Adormecido por una noche de cavilaciones incesantes, veo con
cierta desesperación la llegada del amanecer. Me pesa la mochila de un día que
no hace más que empezar, víctima del cansancio, el pesimismo y una excesiva
carga laboral. Derramo los cereales sobre la mesa de la cocina, casi resbalo en
la ducha y salgo a la calle con calcetines desparejos.
Me demoro un poco: he pensado que sería buena idea tomar un
café bien cargado, aunque no sea santo de mi devoción. Entro en la cafetería y
mi mirada se emborrona ante los pechos de la camarera: no hay una nítida
percepción de lo que podría haber sido una sugestión matinal.
Salgo hacia el metro, pero el café parece que, o no ha hecho
aún efecto, o no ha sido suficiente para despertar mis alertas: me subo en
dirección contraria.
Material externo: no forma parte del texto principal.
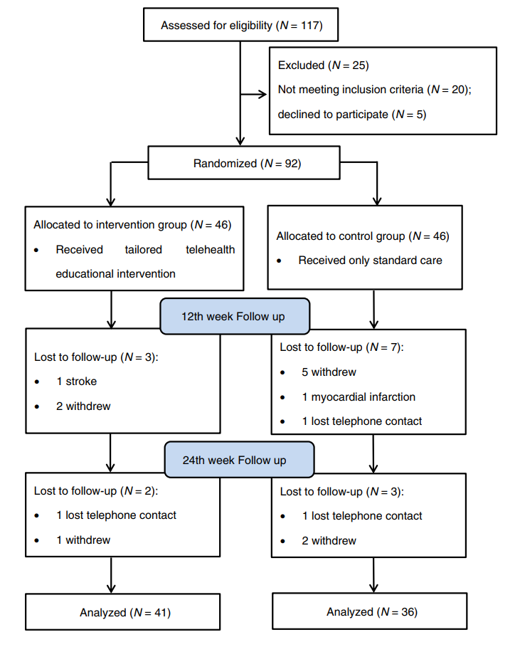 研究对象从四川省成都市三级医院风湿病科招募。纳入标准:(a)根据2010年美国风湿病学会标准(ACR)/欧洲风湿病联盟(EULAR)的诊断分类标准确诊的RA患者;(b)年满18岁;(c)从医院出院回家;(d)能够说并理解中文;(e)愿意参加本研究。排除标准:(a)听力障碍;(b)没有电话设备;(c)严重的认知或精神障碍;(d)参加其他教育类项目。共有117名患者接受了资格评估,排除20名患者不符合纳入标准和5名拒绝参与的患者。因此,92名患者被随机分到干预组(N=46)和对照组(N=46)。15名患者(干预组5名,对照组10名)在24周随访期间失访。最终,干预组41名患者和对照组36名患者完成了这项研究。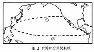 (4)台湾经济以“进口-加工-出口”型为主,外贸占有相当重要的地位。货物从中美洲运往台湾时,大多数船长选择图10中的②航线,为什么?(4分)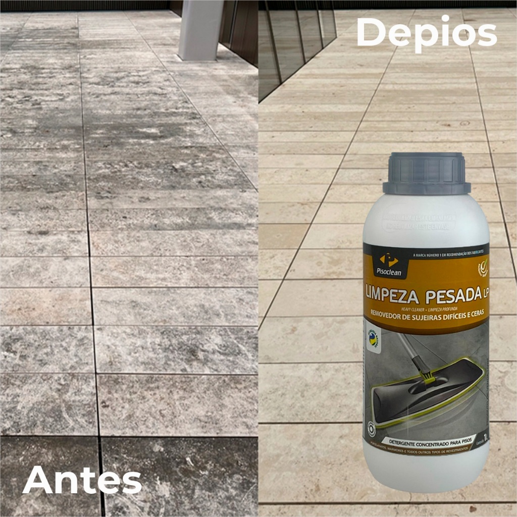 LIMPEZA PESADA LP Removedor de sujeiras difíceis e ceras Limpeza Pesada LP é o produto ideal para limpar intensamente aquelas sujeiras mais difíceis sem danificar os revestimentos. É um detergente alcalino com elevado poder de retirar gorduras e graxas. É também um produto extraordinário para limpeza pós-obra de pisos sem resíduos de cimento. Ideal para limpar sua garagem e cozinha. Remove ceras em geral e Cera Especial LP. Onde usar Ambientes: Áreas internas, áreas externas. Revestimentos: Mármores sensíveis e delicados, Granitos, Outras rochas, Cimentícios, Cerâmicas, Porcelanatos, e qualquer tipo de superfície lavável. Obs.: Não deve ser usado em pisos tratados com ceras, vernizes ou resinas (a não ser com a finalidade de remoção). Pode ser usado em pisos tratados com nossos hidro/oleofugantes. Para a manutenção do dia-a-dia utilize somente Limpeza Diária LP. Resolve: Sujeiras mais difíceis de serem retiradas, respingos de tintas a base d’água, ceras indesejadas, gorduras em revestimentos diversos. Benefícios: Exclusiva nova fórmula suave odor. Alto poder desengraxante. Como usar Limpeza Pesada LP é fornecido em estado concentrado. Recomendamos a diluição de uma parte do produto em até 20 partes de água, dependendo do estado da superfície. Quanto mais sujo, encerado ou engordurado, utilize-o em menor diluição ou mesmo puro. 1. Espalhe o produto sobre a superfície e deixe agir entre 15 a 20 minutos. 2. Esfregue com intensidade utilizando fibras, vassouras ou acessório de limpeza apropriado. 3. Enxágue com água pura e, caso persista algum resíduo sobre a superfície, repita a operação. Rendimento Tipo de limpeza Pesada - 1:2 Até 40m² Média - 1:8 Até 80m² Leve - 1:20 Até 120m² Concentrado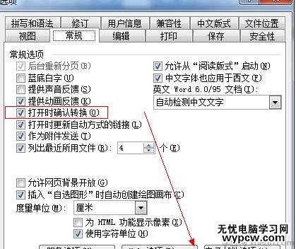 在彈出的對話康中,我們找到“常規”選項卡, 找到“打開時確認轉換”復選框,然后勾選上該選項并確定。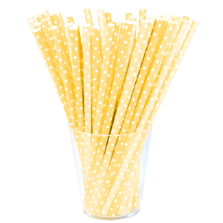 Słomka papierowa żółty w białe kropki 12 sztuk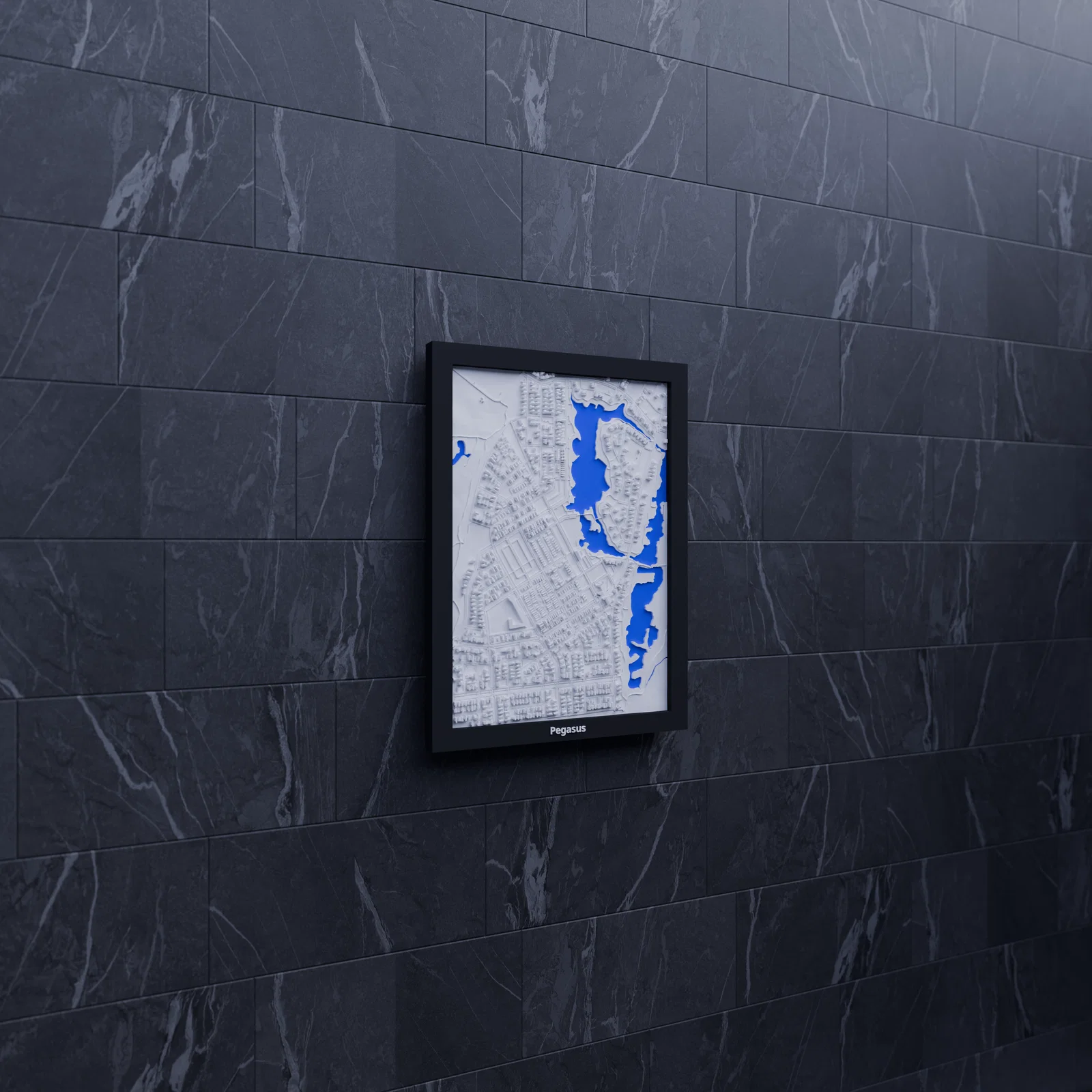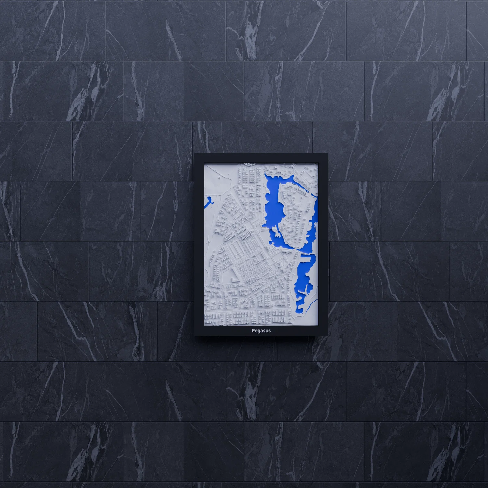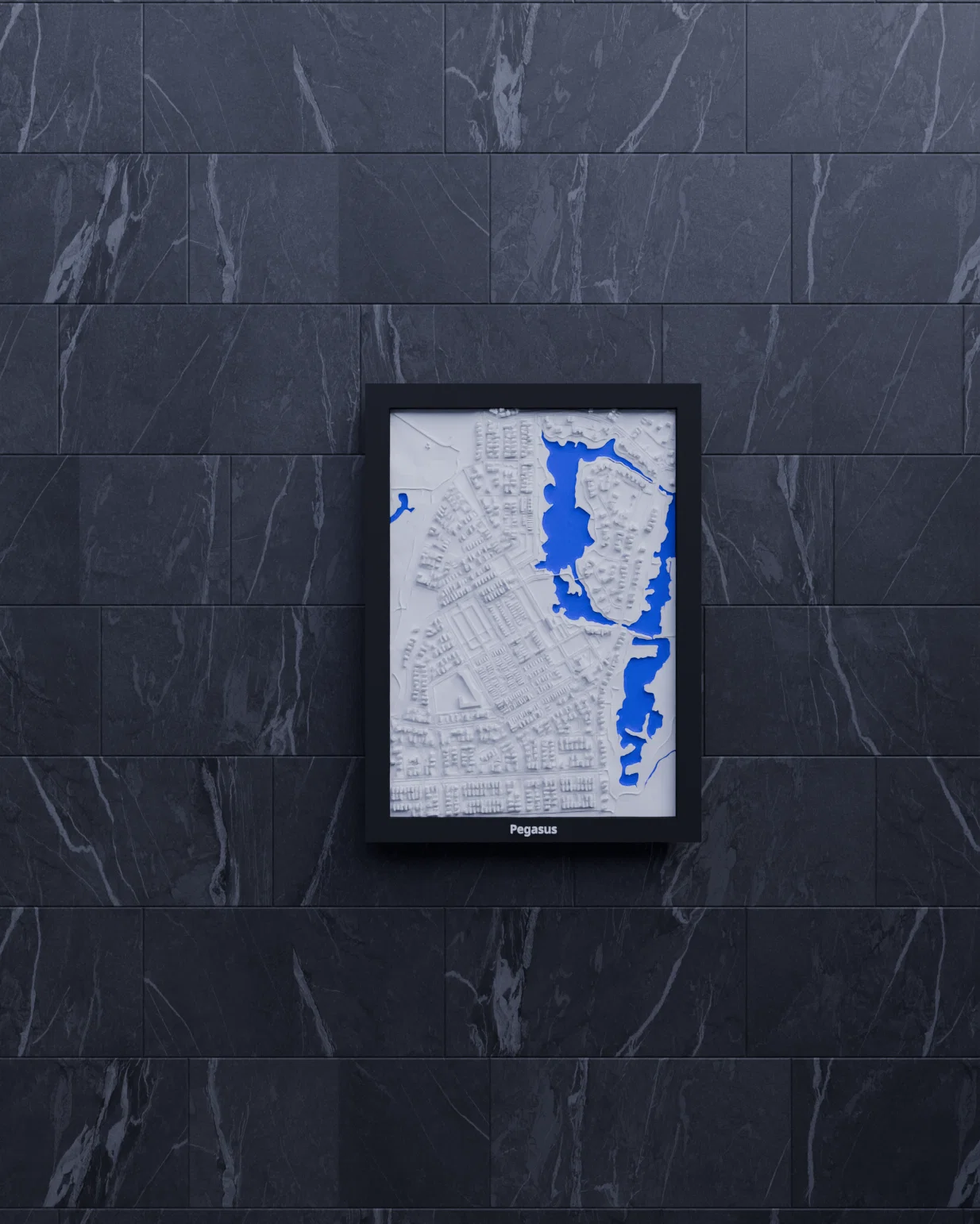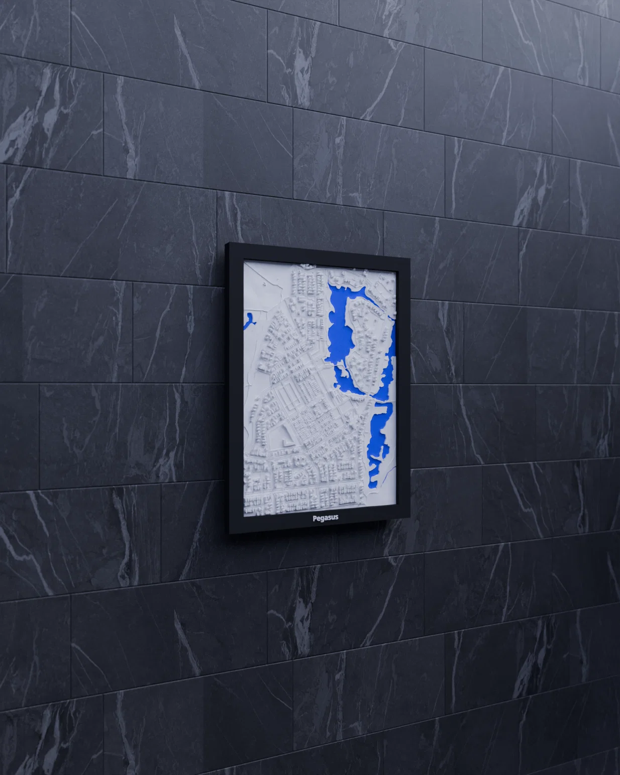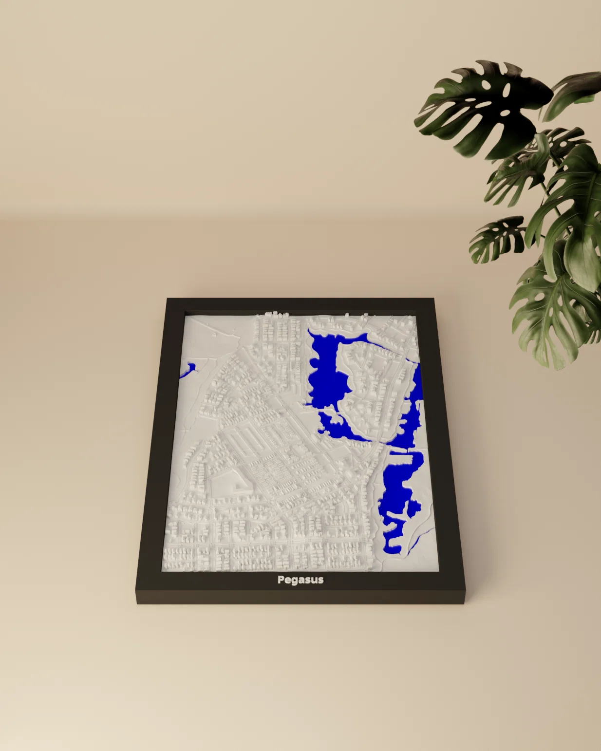 Miniature địa hình in 3D tái hiện cảnh quan Pegasus (New Zealand) dựa trên dữ liệu địa lý thật, thu nhỏ từ khu vực 1.197 km x 1.702 km xuống 119.5 x 170.5 mm. Có nhiều frame kèm lỗ treo và print profile.

Tardo un par de paradas en darme cuenta del desliz, pero
el repente que me provoca caer en la cuenta me envía de un salto al andén.
Finalmente, llego al hospital, donde me espera un paciente y el equipo de
ayudantes. En el quirófano, noto un coro de voces hablando al capitán de un
barco a la deriva y, finalmente, cuando voy a hacer la primera incisión con el
bisturí, me desmayo. Estaba anunciado, dicen algunos en los rumores de
pasillos. Volverá a ejercer, dicen otros, más afectivos.
Lo cierto es que no me doy cuenta ya de lo que pasa, mi vida
transcurre entre un susurro de voces que se acercan y se alejan, algunas
familiares. Un día, abro los ojos. Veo a una mujer con una bata blanca
mirándome atentamente y tratando de comunicarse conmigo. Balbuceo, sonríe. Poco
a poco, voy recuperando el tono: mi conciencia va volviendo a ubicarse con el
tiempo, alcanzo a hablar con naturalidad y, por fin, me dan el alta en el
hospital. Ese día es especial: paseo con mi compañera, cenamos con cava y hacemos
el amor. La vida gira y gira, y no se detiene mientras siga dando vueltas,
pienso antes de revolverme en la cama y caer en un plácido sueño.